Experts fear invasive iguanas may move north as climate warms
MIAMI, Fla. - Brian Wood's brand of cat and mouse is only as tough as the iguanas make it.
"When they see me, typically they are going to run away," he said. "I can hide behind a tree if an iguana is there."
Wood's iguana-trapping business in South Florida has only grown more green, from 30 contracts a few years ago, to 300.
"Sometimes I wonder [who is smarter]," he said. "Every time, I am happy when I catch one, though."
He has been hired by public utilities, housing complexes and even celebrities to rid their properties of iguanas.
"I took a hundred out of P Daddy Combs' house in a year," he said. "They are causing some major damage."
In Broward County, he showed where their digging has led crews to repair the bed under Interstate 95. Housing complexes are working to keep retention ponds, flower beds, and gardens intact.
"They are eating up Miami," he said. "They are adapting to the weather here."
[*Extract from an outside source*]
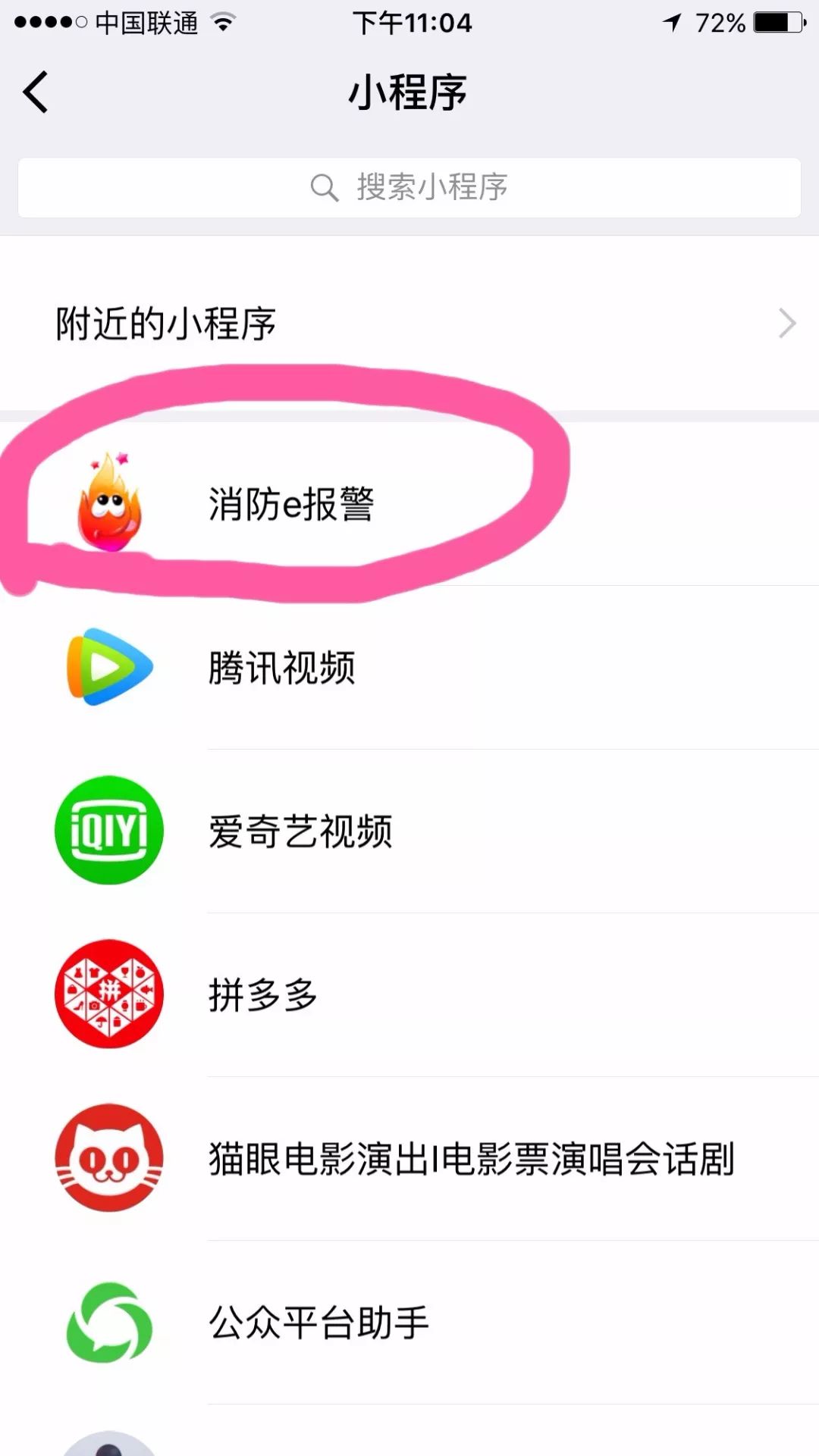 3 点击“消防e报警“进入微信报警页面

That, experts say, is the problem. While they were brought to Florida from Central America, the fear is that the warming climate will bring them further north into Tampa Bay.
The FWC wants homeowners to have them removed whenever possible.
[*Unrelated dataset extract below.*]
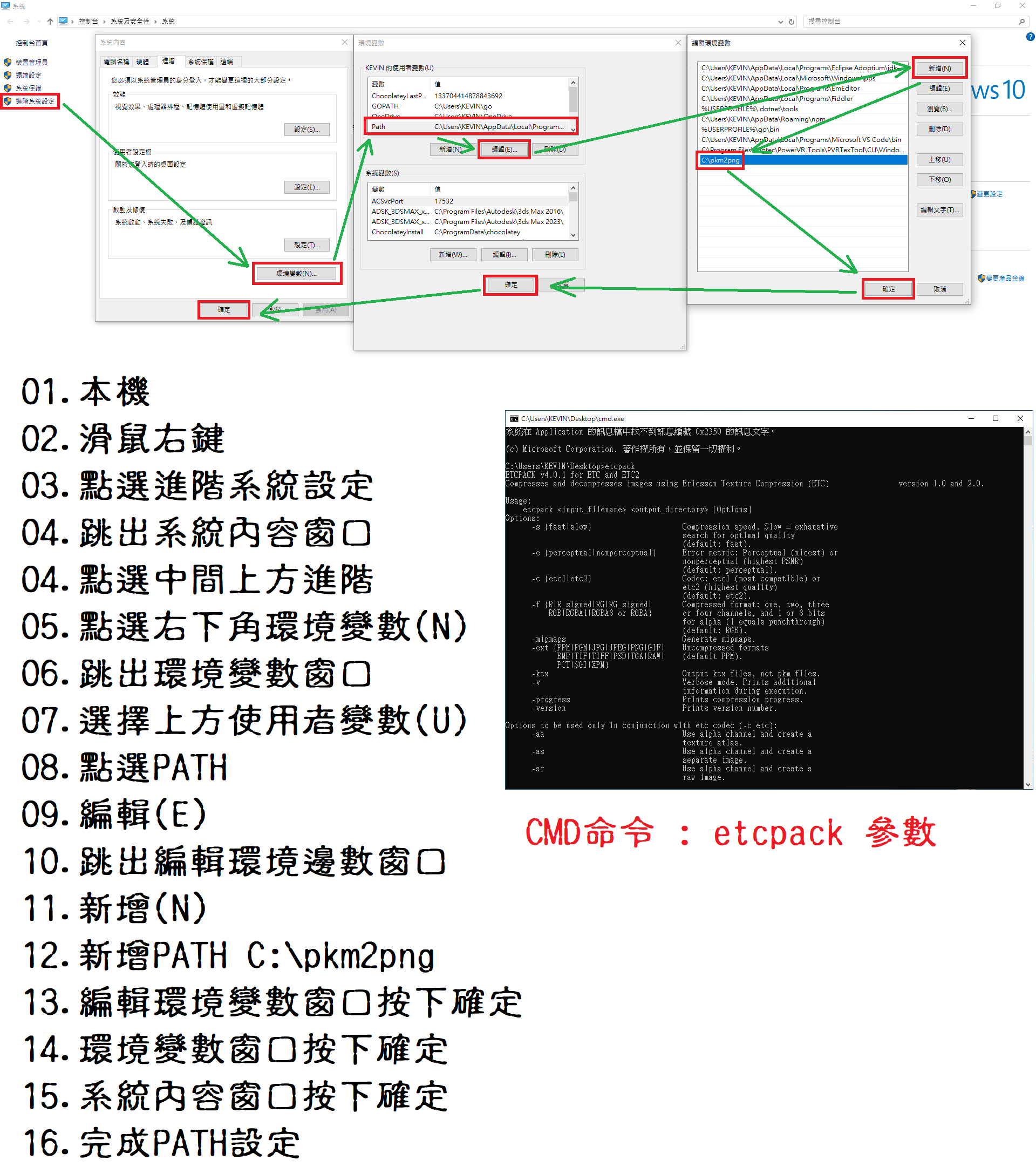要讓讓CMD命令有效呼叫程序etcpack.exe

"They have to be controlled," said University of Florida professor William Kern. "Because they are an unprotected exotic species, they have no protections like our native wildlife has."
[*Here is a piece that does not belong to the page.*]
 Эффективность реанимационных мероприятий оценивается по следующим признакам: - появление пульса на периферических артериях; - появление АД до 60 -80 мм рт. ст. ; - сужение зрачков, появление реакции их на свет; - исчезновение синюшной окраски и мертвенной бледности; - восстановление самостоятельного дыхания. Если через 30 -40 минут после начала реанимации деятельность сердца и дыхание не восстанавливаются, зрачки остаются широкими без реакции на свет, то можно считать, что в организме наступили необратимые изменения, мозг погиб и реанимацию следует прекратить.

He says there are few natural predators for the animals that are 6 feet long and weigh as much as 30 pounds.
That is, except for people.
Wood says state law should allow for the selling of processed iguanas. For now, you can only sell them whole. He argues it should easier to sell and market them as food.
"The only way is to make it useful, make it worth something to where people want to go out and hunt them."
For now, though, the wrestling matches will continue.
"You can actually patch a hole, and they will come out and dig it out the next day," added Wood.
While they aren't native to Florida, they are certainly making themselves right at home.